January is almost upon us, and it is time again for the American Historical Association’s annual meeting. The 2010 convention, themed “Oceans, Islands, Continents,” will take place in San Diego from January 7-10.

Protests by numerous history departments over the prominent support given to California’s Proposition 8 by the owner of the Manchester Grand Hyatt, one of the hotels where the meeting is to be headquartered, have prompted the AHA to sponsor a working group for “Historical Perspectives on Same-Sex Marriage.” This working group will explore recent scholarship on sexuality and marriage and will be running a series of threaded sessions throughout the convention. In keeping with the theme of “Oceans, Islands, Continents,” the working group is co-sponsored, along with the Committee on Lesbian, Gay, Bisexual, and Transgender History, the 2008 documentary An Island Calling, an exploration of the deeper issues surrounding the 2001 slaying of a prominent gay couple in Suva, Fiji.

As always, the AHA will be hosting a number of different sessions that place current events in an historical context. The inauguration of America’s first black president, coupled with the greatest economic crisis since the Great Depression, has spurred the formation of a panel chaired by UC-Berkeley’s David Hollinger to examine Barack Obama and the influence of various modes of twentieth century American history on his presidency and political thought. A roundtable discussion chaired by Michael A. Bernstein of Tulane University will also examine the legacy of the New Deal and its effect on Obama’s economic policies, the history of social legislation in America, and the Democratic Party’s complex relationship with foreign relations and national security.

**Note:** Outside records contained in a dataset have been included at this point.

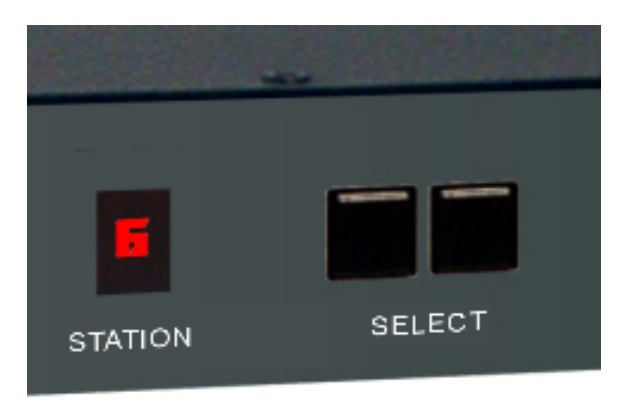
Figure 3. Front Panel

The select buttons sequentially select (scroll up or down) which DVI input signal to route to the DVI output. The station indicator shows which DVI input port is selected.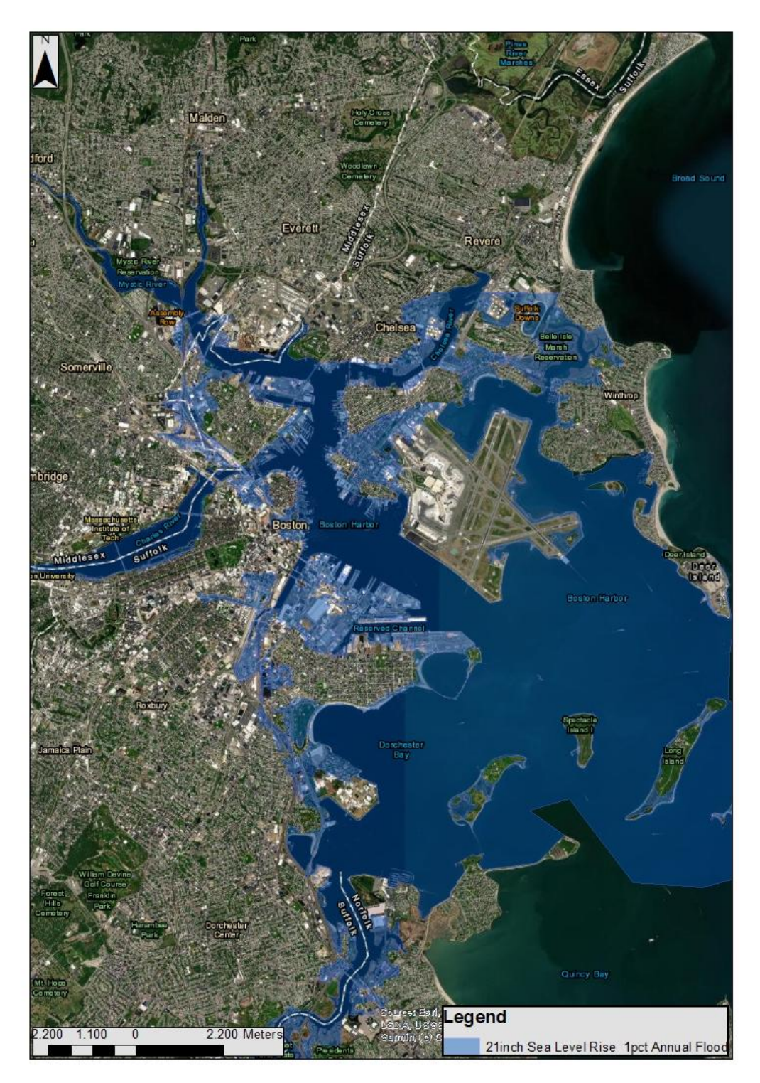
Fig. 6: Flood Map Boston (Holzer, 2021)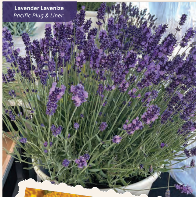
Lavender Lavenize Pacific Plug & Liner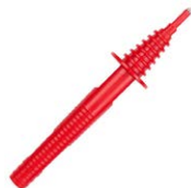
test probe with banana socket; 1 kV; red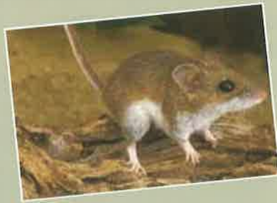
Infected deer mice appear healthy and normal.

Deer mice are found throughout the state in wild and undeveloped areas. They prefer brush, shrubs, and rocks, but will enter homes and buildings for food, shelter, and nesting material.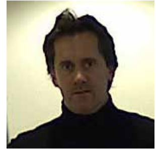
75 pixels 15 meters from camera 50 mm lens

At distances between 15–20 m, you will need a 50 mm lens to ensure that a face covers around 80 pixels. However, the examples clearly show that even at this resolution, positive identification is not guaranteed at the 100–150 lux illumination that is typical in an office corridor or subway station. Camera features such as wide dynamic range and sensors that perform well in low light situations can help, but the best results are obtained if these are combined with additional lightning and adjustment of camera positions to avoid backlit situations.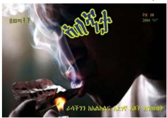
Picture -2 Special Youth Booklet Alegenta (48 pages) 20,000 copies are being printed

3. Print Materials Production: Leaflets - 100,000 copies- printed and were being distributed.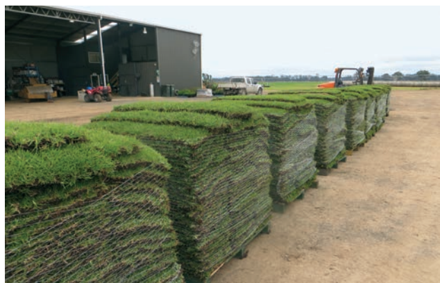
Village Green premium kikuyu slabs

Village Green premium kikuyu tested at Exhibition Park Canberra during July. Three weeks later after subzero temperatures it still has a green cover and well established roots.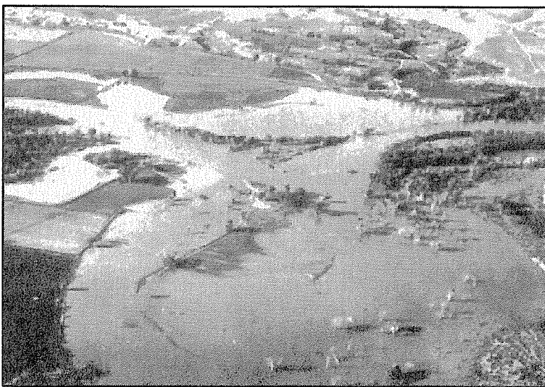
Figure 2. Flooded bottomland, Gunnison River, 1957.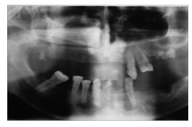
Figure 1 - Panoramic radiography showing a radiopacity superimposed at the right maxillary sinus.

Panoramic radiography exam showed a triangular radiopaque mass, superimposed on the right maxillary sinus and presence of the root of tooth 17, with a bucosinusal communication (fig. 1). During endonasal examination, we verified the presence of a foreign body, which extended into the nostril.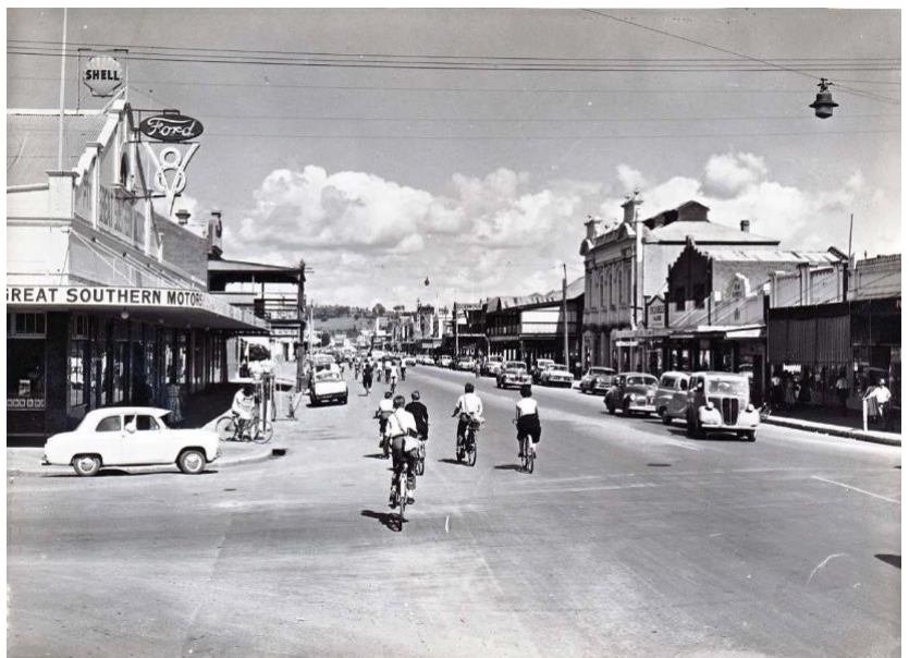
Baylis Street, Wagga Wagga in the early 1950's

We hope to see you at the 15 th Hillman National Rally.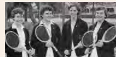
1958: Girls' Tennis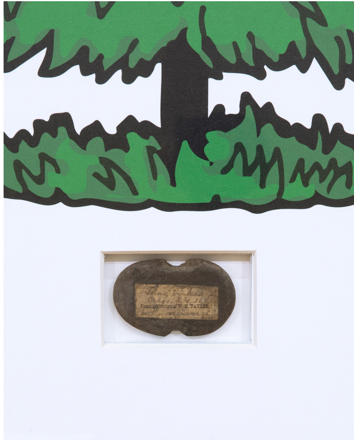
'Bury The Hatchett' (detail)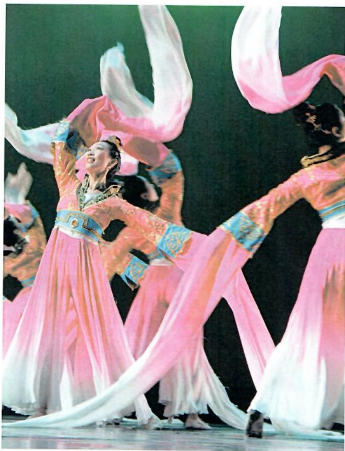
Chinese Performing Arts of America

The afternoon was a fun, free family event drawing not only from those with Silk Road country ancestries, but many from the local Mexican/American and Asian community. One older Vietnamese woman pointed to her high rise apartment building that overlooked the Plaza Gardens. "I live there," she pointed to the end apartment, "when I opened my window, I heard this wonderful music and came closer to see. Look how the many peoples all dance and play music together. This is how our community should always be!" (We all knew what this woman meant: Enjoying each other's diversity rather than the gang violence that has historically rocked her neighborhood.) The woman speaking had just purchased a pita wrap from Arabian Bites, who provided ethnic food choices for the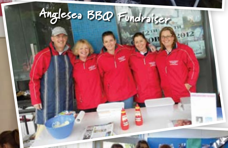
Anglesea BBQ Fundraiser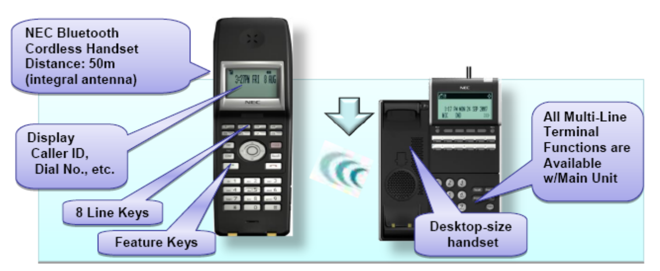
DTL-12BT-2 (BK) TEL and BCH-L (BK) UNIT

The Bluetooth functionality is only supported on the DT330 terminals. The Bluetooth handset functionality comes with integrated Bluetooth hub. When this adapter is installed on the DT330 it will acquire both ports 1 and 2 of the terminal.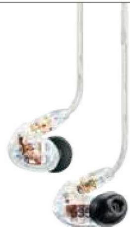
SE535 Sound Isolating™ Earphones Spacious sound + rich bass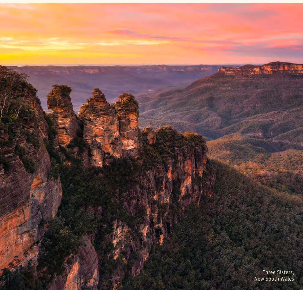
Three Sisters, New South Wales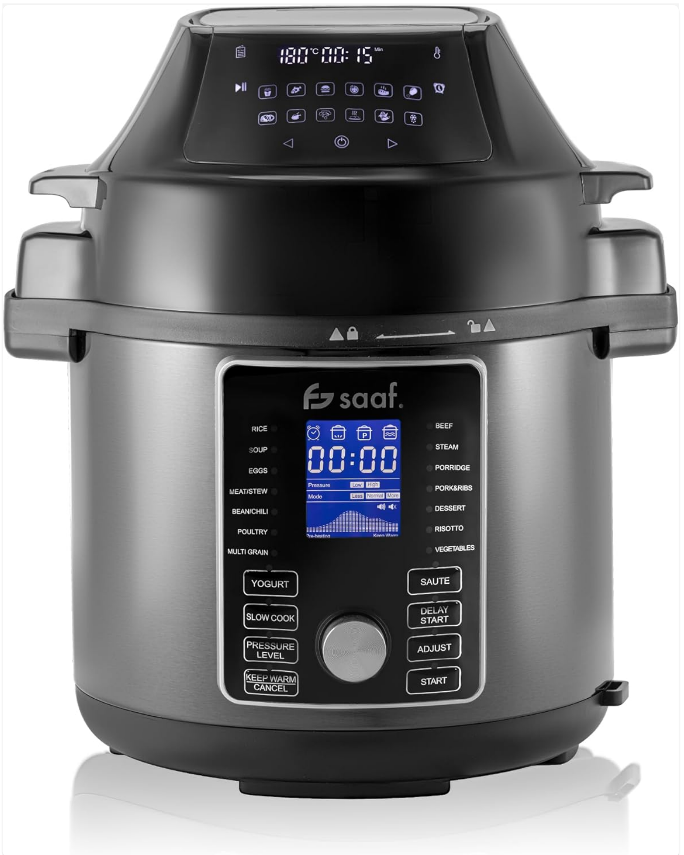
Image: Front view of the Saaf Multicooker with the Airfryer lid securely attached. The digital control panel is visible, displaying time and temperature settings.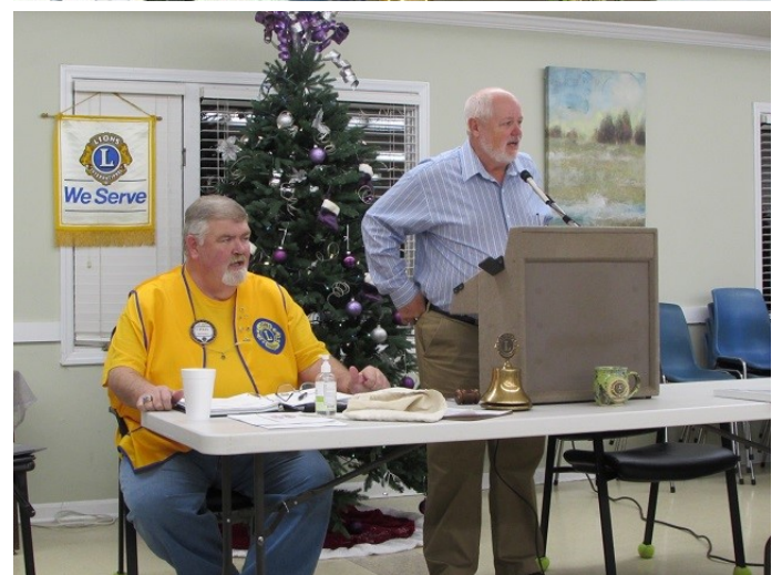
Page 4 of 6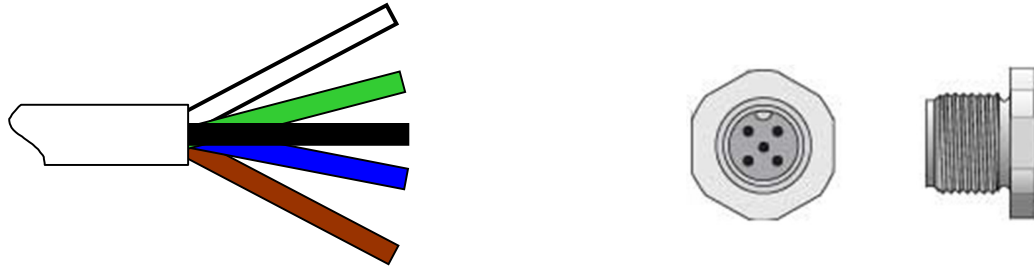
Standard M12 5 Pin cable with Euro color code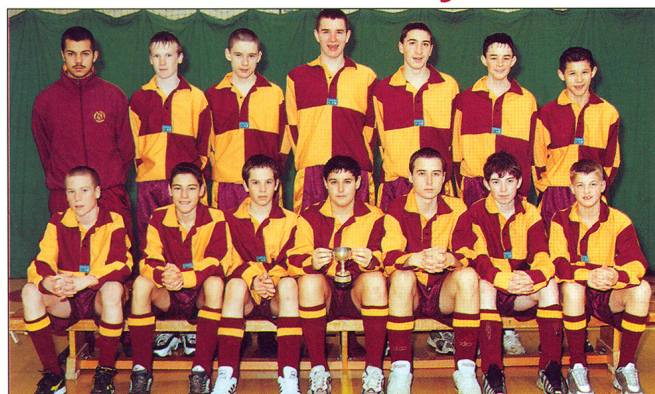
Under 14 County Champions

The proliferation of new technologies has revolutionized both historical research and the teaching of history, and the AHA has formed several panels to address the ever-increasing digitization of the historical profession. Google’s controversial Google Books program will be the focus of the provocatively titled panel “Is Google Good for History?”

The AHA is not just the domain of academic historians, and there will be several panels at this year’s convention on history teaching in our nation’s high schools, and the relationship between academics and primary and secondary school teachers. The panel “Working Together: A Century of Collaboration between Classroom Teachers and University Professors to Improve History Teaching,” chaired by a high school teacher, will trace the origins of the separation between the university and the high school, and the developments within the past twenty-odd years to raise historical education standards in the United States.

HNN will have comprehensive coverage of these panels and many others, and will, of course, bring you the details of the AHA’s business and procedural meetings. Look for conference updates starting January 7.